MATERIAL SHOWN:

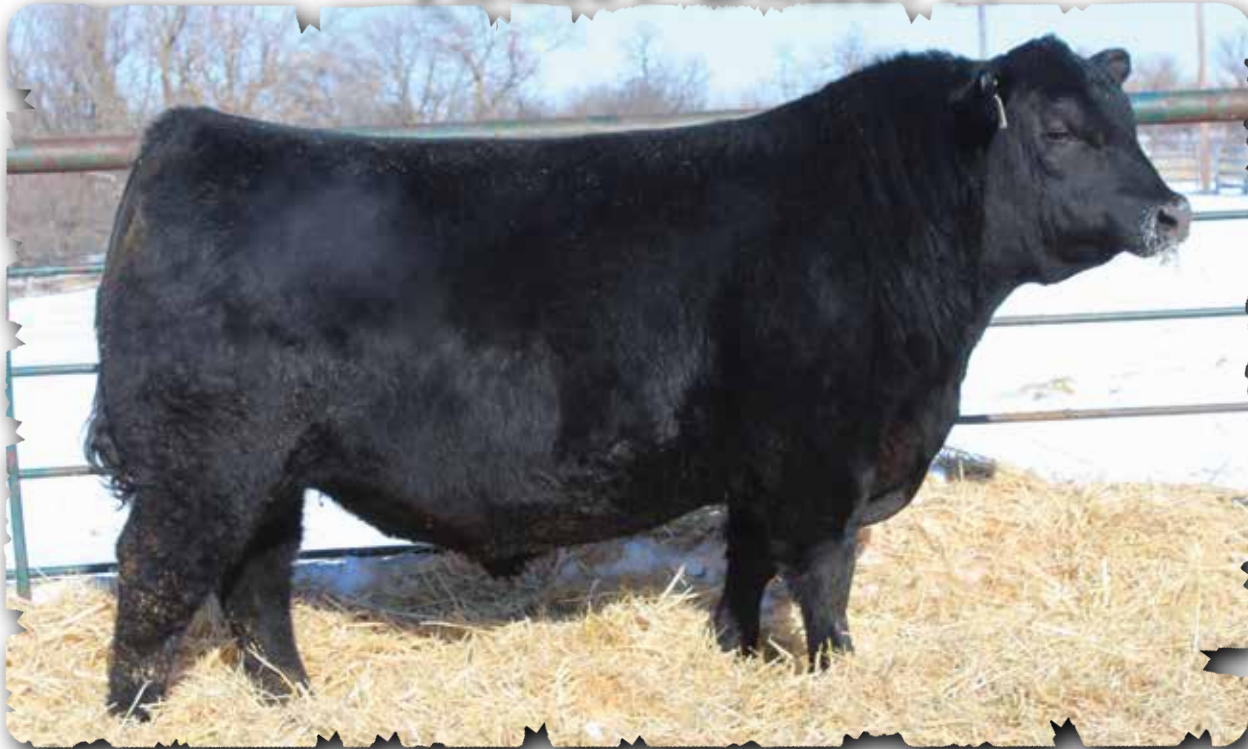
PEAK DOT TANKER 211M - LOT 145
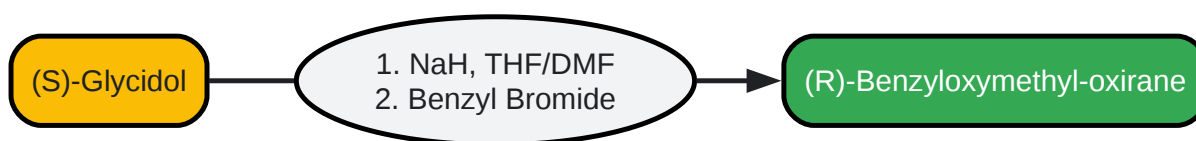
Diagram of the Synthesis from (S)-Glycidol:

Click to download full resolution via product page
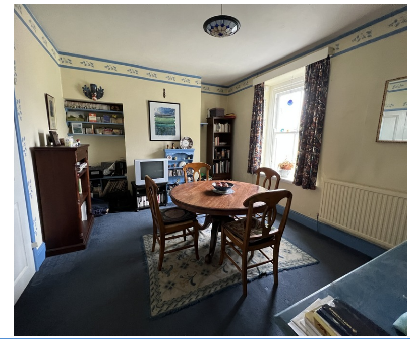
Arwel, 8 Trinity Place, Aberystwyth, SY23 1LT

A freehold end-terraced Victorian style 5 bedroom town house with 2 reception rooms, kitchen/dining room, rear garden and single garage provision. The property is situated close to the town centre in Aberystwyth which offers excellent educational, social and shopping facilities with public transport to all parts. The property lies in mainly residential area within level walking distance to the main shops. The house was built c1880s of traditional masonry stone walls which supports a pitched roof laid with slate. The main walls are rendered and painted. Windows are of replacement type timber casement sashes with double glazed inserts, Velux windows within the roof slopes of the top floor.
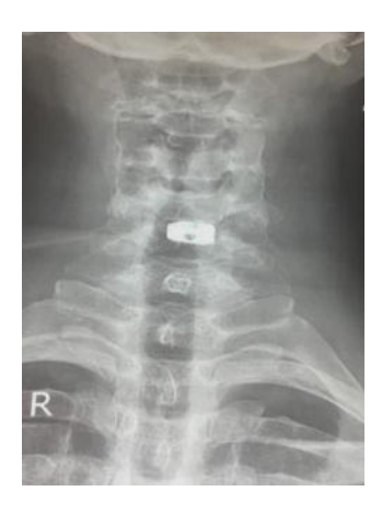
Post operative X-ray
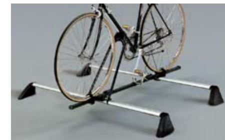
35 Bicycle holder (Basic) E361ESA701 Fits perfectly on the carrier base. *Carrier base required.

GOAL OF THE EXERCISE: Beginning with the first line of the records, write out every line up to and including the one with "Arwel, 8 Trinity Place, Aberystwyth, SY23 1LT", exactly, and omit all pictures.

RESULT OF THIS TASK:
PEAK DOT TANKER 211M - LOT 145
Diagram of the Synthesis from (S)-Glycidol:

Click to download full resolution via product page
Arwel, 8 Trinity Place, Aberystwyth, SY23 1LT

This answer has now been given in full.